I was so lost in my thoughts that I didn’t even know when someone sat beside me until a hand appeared in front of me. I shook the hand while taking my headphones off. It was a guy I think most of the times he is sitting beside me. I was so surprised that no voice came out from my mouth when he said “It’s nice to finally see you.” So it was him. I managed to give him small smile and before I could say anything teacher arrived. I was thankful for that, as now that he is in front, I didn’t know what to talk about. Well the plan didn’t work for too long as most of students decided to extend the summer break so teachers decided to free us early. We decided to take a walk around and he didn’t talk much, which I was thankful for. We both went to cafeteria to grab something to eat. Almost all the benches were full so we took our order and went to sit nearby the park.
We ate in silence and weirdly enough it felt nice. After some chit chatting we both went back to our apartments as I had to go to work. Yes, I was still working my part time job, after all who doesn’t love extra money. Days went by and we started spending more time together until one day he started ignoring me in class and behaving normally on texts. The texts kept getting fewer by each passing day. He still sits with me as usual. I never complained about anything as there was only one thing in my mind. By any chance does he come to know about my feelings? Yes, I started feeling something for him. He was more than a friend, but I never admitted this to anyone as I knew long ago that I didn’t stand a chance.
After what felt like years, one evening I received a call from him asking me to meet him near library. After few minutes I finally agreed to go. I quickly got dressed, got my phone, headphones and some money. After locking the door behind me I played some music and went to the place we agreed to meet. He was already there waiting for me. Now that was new, as no matter how many times we have met so far, it was always me who waited. I used to tease him that he takes too much time doing make up. But that was all in past. We talked about few things here and there and I finally asked him why he wanted me there. He told me about the things that happen after guys gets together and get drunk. Due to over sudden closeness after summer break everyone thought that there is something between us. I was not allowed to know what all they talked about so I guessed it was nothing nice. But as even after maintaining distance for some time, nothing changed so he decided to talk about it. I was relieved at least he didn’t know about what I was afraid off. We completed our master and went separate ways promising we will always be in touch.
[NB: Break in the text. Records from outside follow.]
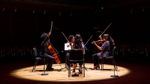 Our 2022 Solo(s) Together project concludes with a concert featuring a Boston ensemble that's making news nationally and a widely-acclaimed composer and musician with local ties. A quartet from Boston's Castle of our Skins artist collective -- a group of artists of all kinds dedicated to celebrating Black artistry through music -- performs contemporary works to include Music for Black People, No. 1 “Relentless” for four instrumentalists by Daniel Bernard Roumain, with short solos for each performers and a conclusion that brings all the performers together.
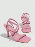 Unique Heel Design Leather High Heel Sandals - Step into Summer in Style!
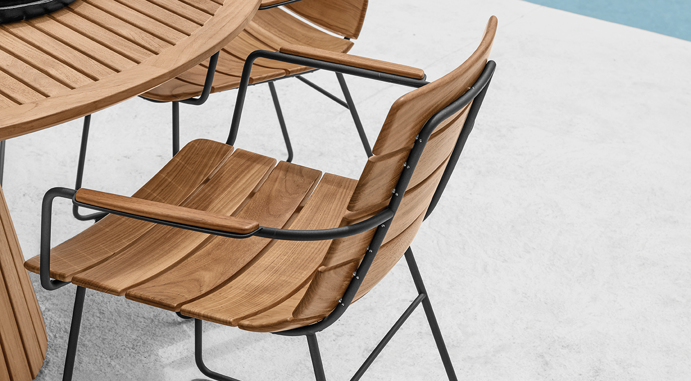 Strong but simple powder coated steel frames carry signature broad, curved plantation teak slats that define the design language of William. Matching teak armrests continue the simply stylish message, while optional seat pads in a variety of durable outdoor fabrics are available if required.
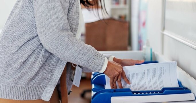 Teacher, hands and paperwork for exam, classroom and planning on table, education and person in academy. Literature, sorting and professor with documents, evaluation and invigilator in high school
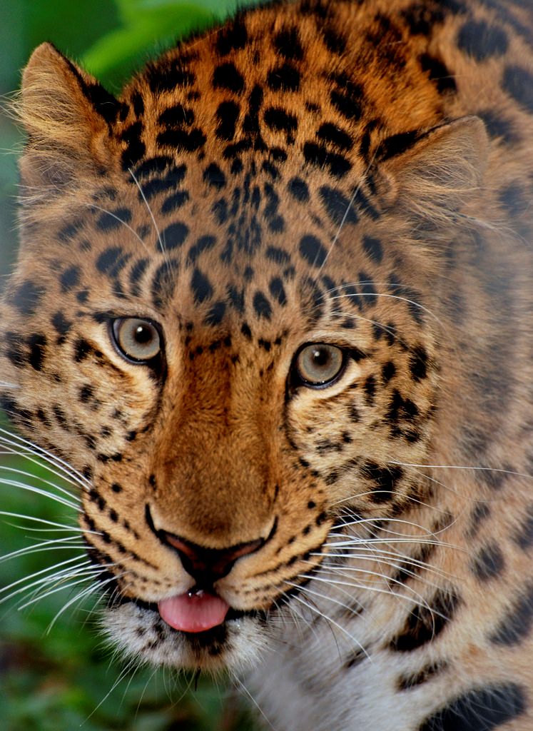 Леопард – красочная, грациозная, невероятно величественная и хитрая кошка. Это быстрое и осторожное животное. Имеет крепкое, мускулистое, сильное тело. Обладает превосходным зрением, отлично видит в разное время суток. Главное оружие леопарда: очень острые когти и зубы, которые его прокармливают. Длина тела животного достигает 80-180 см, а вес – 50 кг (самка) и 70 кг (самец). Главное достоинство: нарядный мех, который легко скрывает хищника, делая незаметным для жертвы. Сегодня леопарды отнесены в Красную книгу как исчезающие виды.

It’s been almost 6 years now we still talk, and whenever possible meet. And I always wonder what my life would be if I hadn’t gotten that letter that day. Or even if I had what would it be like if I hadn’t replied. But fortunately that didn’t happen. And I am proud that for once I did what my heart told me and it ended well for me. I still wonder if whatever I felt was that love? Or do I still have feelings for him? Well all that didn’t matter. For all this insecure feelings I will never lose a friend. May be sometime in my life I will be ready to accept with open arms till then I will just enjoy company of my friends and try to figure out my feelings.